The Cavender Laboratory!
Research and discovery are at the heart of scientific learning. There is no greater sense of accomplishment than designing an experiment to investigate a captivating problem, then effectively performing that experiment, collecting data and discovering something new! The Cavender lab has several ongoing research projects that students directly engage in to learn techniques, experimental design, data analysis and presentation. The goal is to develop students into independent research scientists who are prepared for graduate school or an immediate career in the biomedical sciences.
Ongoing Projects in the Lab
The Cavender lab utilizes the simian virus 40 oncovirus as a model to study cellular transformation initiation and progression. Our main focus is investigating the Large T (tumor) antigen which is an oncoprotein capable of fully transforming rodent cells. This model is relevant and all data generated can be applied to the literature of DNA tumor viruses.

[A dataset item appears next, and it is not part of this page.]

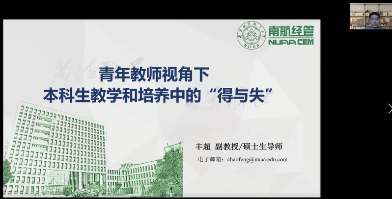 会议包含三个分支主题的报告。特邀嘉宾河海大学李光明教授详细介绍了市场营销专业重点教材的申报与建设,p站 丰超和宋连莲两位老师分别介绍了青年教师视角下本科生教学与培养中的“得与失”、师生互动提问式教研模式与开展方案,从市场营销专业的教学和教研角度分享了专业育人方案。系列主题汇报的内容各有侧重点,干货满满,吸引了北京工商大学、西南政法大学、河海大学、淮阴师范学院、南京工业大学等多所兄弟院校的师生参与。

Cul7 and SV40 T antigen:This research proposal is the brainchild of senior Sarah Sulon ’14. Sarah is interested in discovering the relationship between T antigen and the E3 ubiquitin ligase, Cullin 7 (Cul7). Cul7 was discovered as a cellular protein bound to T-antigen. In normal cells, Cul7 functions in development through mono-ubiquination signaling. If poly-ubiquination of four or more ubiquitin units are attached at the lysine 48 residue of a peptide, this signals for degradation of the protein by the proteasome. The Cul7 binding to T antigenhas been found to be essential in the full cellular transformation process by SV40. Despite efforts through immunofluorescence to decipher where in the cell the T:Cul7 complex forms, concentration of the complex are too low to detect through this method. As a result, the literature establishes the trafficking patterns of this complex to be a point of interest for future research. Recent research has also posed the question of the involvement of Cul7 ubiquination activity in the cellular transformation induced by SV40 T antigen. Our lab intends to determine the localization of the T-ag/Cul7 complex in C57 Black 6 mouse embryo fibroblast (B6MEF) cells expressing either wild type T antigen or a nuclear localization deficient mutant.

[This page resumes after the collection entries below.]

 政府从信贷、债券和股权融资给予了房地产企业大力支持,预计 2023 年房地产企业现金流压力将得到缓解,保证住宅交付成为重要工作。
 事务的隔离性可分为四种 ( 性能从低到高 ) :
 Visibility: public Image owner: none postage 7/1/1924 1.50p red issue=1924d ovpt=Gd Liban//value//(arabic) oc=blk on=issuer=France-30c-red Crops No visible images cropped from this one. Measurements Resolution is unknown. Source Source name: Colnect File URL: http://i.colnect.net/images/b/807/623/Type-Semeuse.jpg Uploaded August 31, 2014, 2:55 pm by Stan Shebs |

2. SV40 T antigen transactivation of Cyclins A and E and the relationship to the ribosomal promoter activation
Kyle Lord ’13 studied the capabilities of T antigen mutants to transactivate the cyclin A and ribosomal promoters, hypothesizing that increased expression of the cyclin and subsequent binding to its kinase partners would result in phosphorylation of key transcription factors for rDNA. For transcription of ribosomal genes to occur, upstream binding factor (UBF) must be phosphorylated on Ser388; an activity known to be accomplished by either cyclin A, E or both. This study focused on the central portion of T antigen spanning amino acids 351 to 708, which includes the p53 binding domain. Preliminary data has shown that although the N-terminal activities of T antigen seem to be necessary for the transactivation of both the ribosomal and cyclin A promoters, the central portion, including the p53 binding region, appears to be only a requirement for the ribosomal- but not cyclin A-, transactivation.

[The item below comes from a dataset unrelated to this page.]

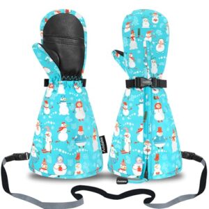 Andake 子供用スキー ミトン 冬用暖かい防水 長款幼児用雪用手袋 1〜6歳の男の子と女の子向けの簡単に着脱できるジッパー付き
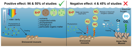 In many freshwater lakes, dreissenid invasions have significantly reduced total concentrations of suspended solids, phosphorous and chlorophyll a, leading to increased water clarity [95,114]. In some cases, this has led to eutrophic lakes becoming oligotrophic [100]. Although particulate matter typically declines, in many cases, through excretion, dissolved nutrients, including ammonium, nitrate and phosphorous, increase [99,115,116,117]. For example, in Neva River Estuary, the invasive D. polymorpha population was estimated to precipitate >15,000 kg of particulate organic matter and release >500 kg of dissolved inorganic phosphorous each day [118].

3. SV40 T antigen Inhibition of Differentiation
The Cavender lab also has an interest in what activities of the tumor protein SV40 T antigen are necessary to block the transition from a stem cell into a fully differentiated adipocyte (fat cell). The analogy can be made that the processes of tumorigenesis and differentiation are opposite sides of the same coin: the tumor cell pushing the cell to divide and the differentiated cell shutting down the pathways that lead to replication. This project extends the findings by Higgins (1996) that showed differentiation of pre-adipocytes into fat producing cells can be functionally blocked by the viral oncoprotein SV40 T antigen. Specifically, in that study differentiation was reliant upon functional retinoblastoma gene product and an unknown activity marked by the amino acids 121-708 in T antigen. We postulated that this activity was the p53 tumor suppressor protein. To test this hypothesis we established cell lines stably expressing T antigen with mutations in the p53- binding region as well lines expressing T antigen with mutations in both the Rb- and p53- binding regions. Additionally, cell lines were established expressing the N- terminal fragment of T antigen bearing J-domain mutations in order to assess the need for ATPase function in differentiation blockage. Seven days after differentiation was induced, the cells were stained and examined for phenotypic changes characteristic of mature adipocytes. While wild type pre-adipocytes readily differentiated under these conditions, all lines containing T antigen or its mutants showed little to no signs of differentiation.